Write out all the data verbatim. Skip images.

■ GIVEN DATA:
┄┄┄┄┄┄┄┄┄┄┄┄┄┄┄┄┄┄┄┄

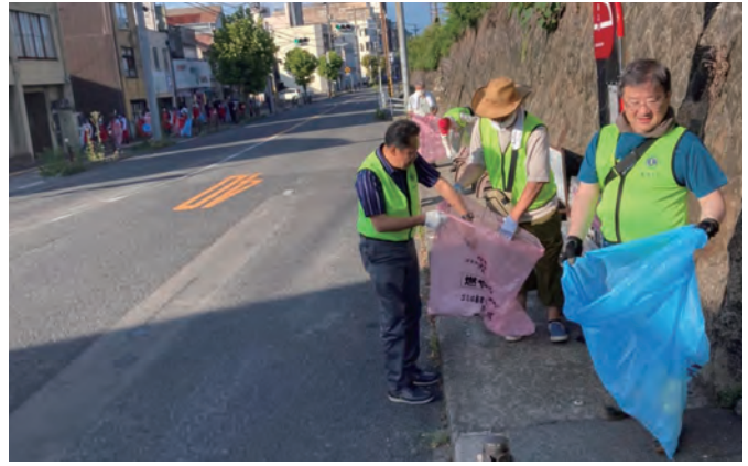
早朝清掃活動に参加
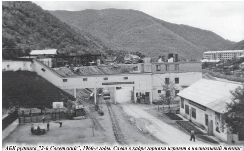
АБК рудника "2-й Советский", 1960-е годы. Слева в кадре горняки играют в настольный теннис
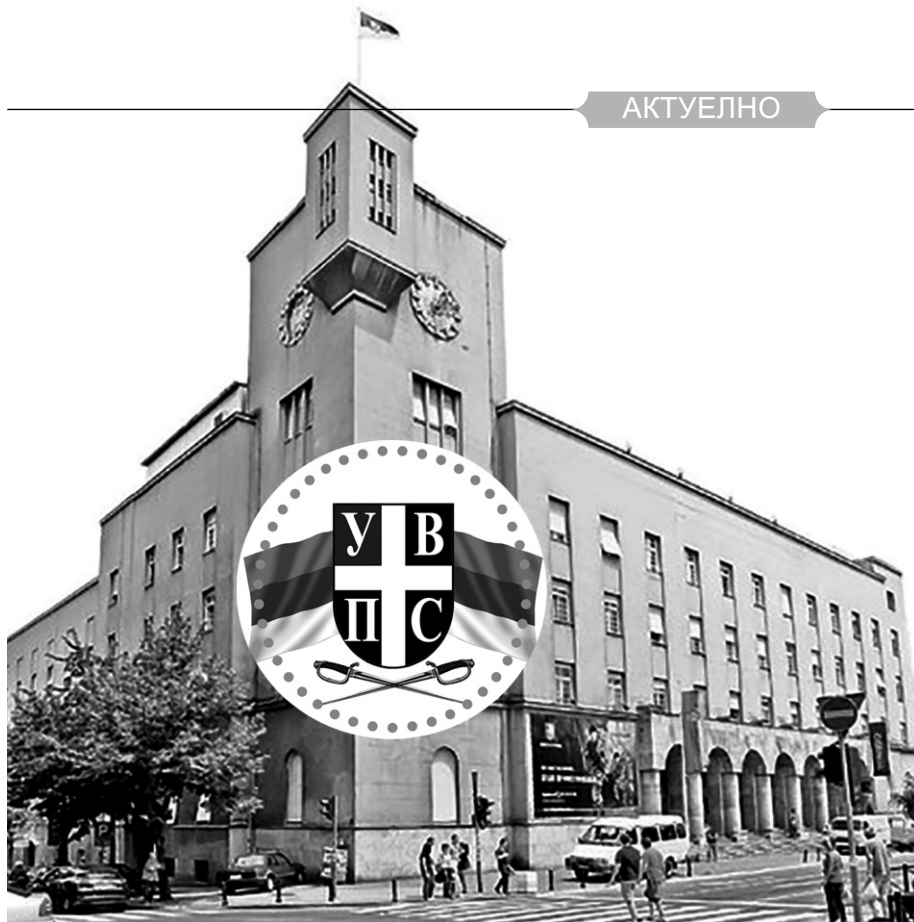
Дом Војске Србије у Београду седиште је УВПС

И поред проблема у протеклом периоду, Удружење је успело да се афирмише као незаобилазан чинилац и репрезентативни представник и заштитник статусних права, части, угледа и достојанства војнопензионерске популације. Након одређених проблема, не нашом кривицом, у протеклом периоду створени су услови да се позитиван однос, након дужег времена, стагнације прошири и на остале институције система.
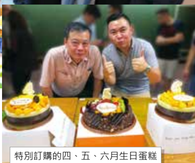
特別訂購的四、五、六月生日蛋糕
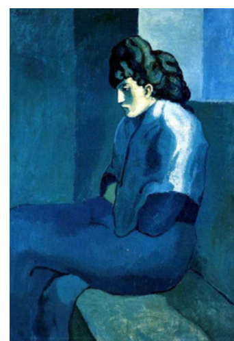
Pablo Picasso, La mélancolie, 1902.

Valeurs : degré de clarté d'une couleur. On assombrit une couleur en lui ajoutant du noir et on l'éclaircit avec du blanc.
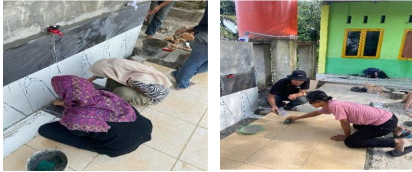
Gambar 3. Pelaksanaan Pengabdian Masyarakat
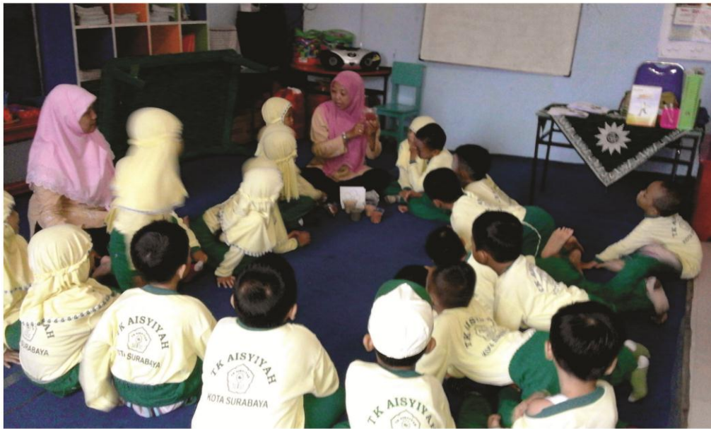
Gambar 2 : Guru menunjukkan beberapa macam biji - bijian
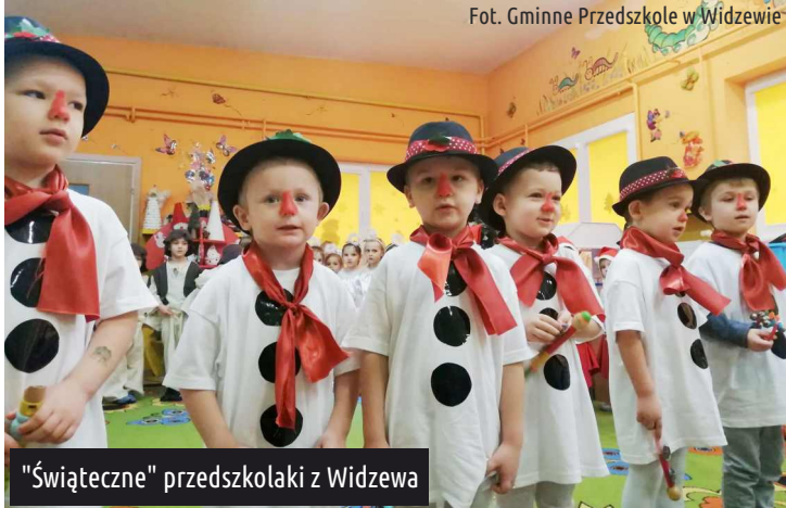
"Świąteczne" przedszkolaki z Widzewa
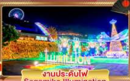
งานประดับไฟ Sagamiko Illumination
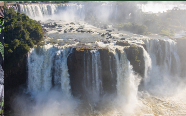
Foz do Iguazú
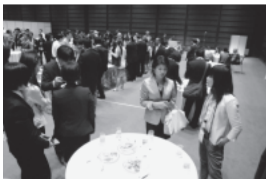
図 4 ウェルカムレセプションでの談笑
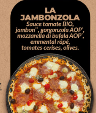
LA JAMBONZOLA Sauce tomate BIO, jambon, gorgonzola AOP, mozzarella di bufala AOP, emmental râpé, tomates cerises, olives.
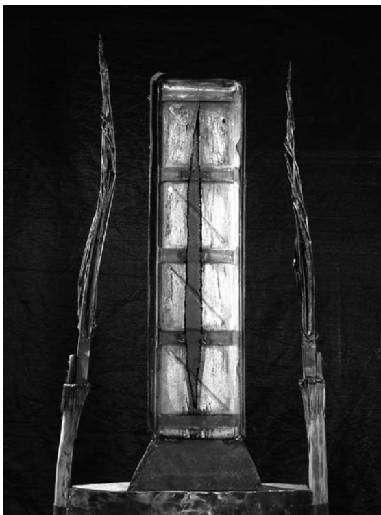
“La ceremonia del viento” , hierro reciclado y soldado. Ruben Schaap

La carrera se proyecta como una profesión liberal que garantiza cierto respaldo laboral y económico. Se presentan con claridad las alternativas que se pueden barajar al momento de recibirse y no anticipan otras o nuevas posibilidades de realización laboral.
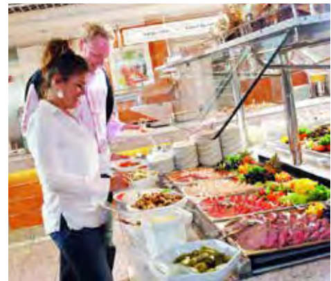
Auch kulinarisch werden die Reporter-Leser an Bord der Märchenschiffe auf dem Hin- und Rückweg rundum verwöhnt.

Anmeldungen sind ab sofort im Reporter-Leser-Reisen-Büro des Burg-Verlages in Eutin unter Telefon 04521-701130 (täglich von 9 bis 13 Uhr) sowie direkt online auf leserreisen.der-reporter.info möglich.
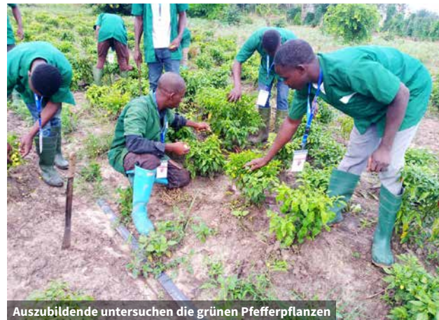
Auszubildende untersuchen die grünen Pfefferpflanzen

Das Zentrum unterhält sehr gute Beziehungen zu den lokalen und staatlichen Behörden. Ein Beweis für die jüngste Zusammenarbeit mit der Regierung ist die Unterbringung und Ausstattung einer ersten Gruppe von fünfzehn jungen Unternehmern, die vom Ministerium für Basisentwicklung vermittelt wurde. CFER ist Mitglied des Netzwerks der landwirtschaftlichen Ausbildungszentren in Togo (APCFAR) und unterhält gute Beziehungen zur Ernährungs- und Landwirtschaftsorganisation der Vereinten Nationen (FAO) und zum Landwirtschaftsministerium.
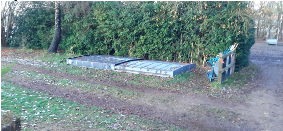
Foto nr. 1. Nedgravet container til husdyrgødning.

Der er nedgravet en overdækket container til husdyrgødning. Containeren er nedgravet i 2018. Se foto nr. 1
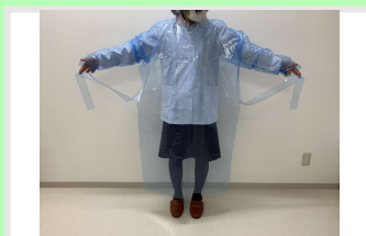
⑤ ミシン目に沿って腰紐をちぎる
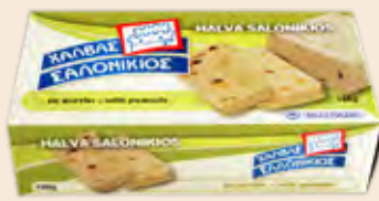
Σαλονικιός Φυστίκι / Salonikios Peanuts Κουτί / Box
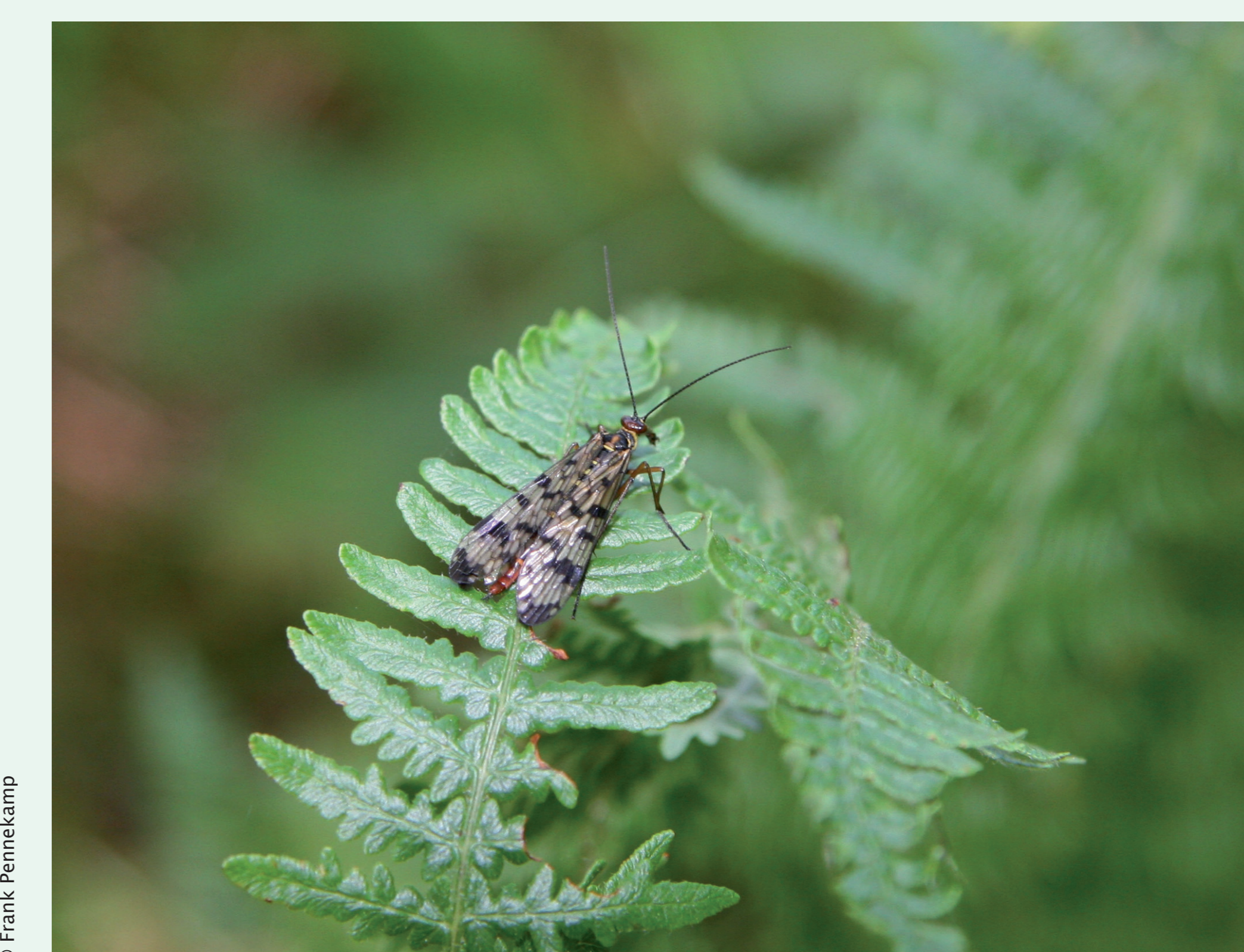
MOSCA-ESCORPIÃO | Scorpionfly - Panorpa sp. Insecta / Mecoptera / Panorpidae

┄┄┄┄┄┄┄┄┄┄┄┄┄┄┄┄┄┄┄┄

■ OUTPUT BELOW:
早朝清掃活動に参加
АБК рудника "2-й Советский", 1960-е годы. Слева в кадре горняки играют в настольный теннис
Дом Војске Србије у Београду седиште је УВПС

И поред проблема у протеклом периоду, Удружење је успело да се афирмише као незаобилазан чинилац и репрезентативни представник и заштитник статусних права, части, угледа и достојанства војнопензионерске популације. Након одређених проблема, не нашом кривицом, у протеклом периоду створени су услови да се позитиван однос, након дужег времена, стагнације прошири и на остале институције система.
特別訂購的四、五、六月生日蛋糕
Pablo Picasso, La mélancolie, 1902.

Valeurs : degré de clarté d'une couleur. On assombrit une couleur en lui ajoutant du noir et on l'éclaircit avec du blanc.
Gambar 3. Pelaksanaan Pengabdian Masyarakat
Gambar 2 : Guru menunjukkan beberapa macam biji - bijian
"Świąteczne" przedszkolaki z Widzewa
งานประดับไฟ Sagamiko Illumination
Foz do Iguazú
図 4 ウェルカムレセプションでの談笑
LA JAMBONZOLA Sauce tomate BIO, jambon, gorgonzola AOP, mozzarella di bufala AOP, emmental râpé, tomates cerises, olives.
“La ceremonia del viento” , hierro reciclado y soldado. Ruben Schaap

La carrera se proyecta como una profesión liberal que garantiza cierto respaldo laboral y económico. Se presentan con claridad las alternativas que se pueden barajar al momento de recibirse y no anticipan otras o nuevas posibilidades de realización laboral.
Auch kulinarisch werden die Reporter-Leser an Bord der Märchenschiffe auf dem Hin- und Rückweg rundum verwöhnt.

Anmeldungen sind ab sofort im Reporter-Leser-Reisen-Büro des Burg-Verlages in Eutin unter Telefon 04521-701130 (täglich von 9 bis 13 Uhr) sowie direkt online auf leserreisen.der-reporter.info möglich.
Auszubildende untersuchen die grünen Pfefferpflanzen

Das Zentrum unterhält sehr gute Beziehungen zu den lokalen und staatlichen Behörden. Ein Beweis für die jüngste Zusammenarbeit mit der Regierung ist die Unterbringung und Ausstattung einer ersten Gruppe von fünfzehn jungen Unternehmern, die vom Ministerium für Basisentwicklung vermittelt wurde. CFER ist Mitglied des Netzwerks der landwirtschaftlichen Ausbildungszentren in Togo (APCFAR) und unterhält gute Beziehungen zur Ernährungs- und Landwirtschaftsorganisation der Vereinten Nationen (FAO) und zum Landwirtschaftsministerium.
Foto nr. 1. Nedgravet container til husdyrgødning.

Der er nedgravet en overdækket container til husdyrgødning. Containeren er nedgravet i 2018. Se foto nr. 1
⑤ ミシン目に沿って腰紐をちぎる
Σαλονικιός Φυστίκι / Salonikios Peanuts Κουτί / Box
MOSCA-ESCORPIÃO | Scorpionfly - Panorpa sp. Insecta / Mecoptera / Panorpidae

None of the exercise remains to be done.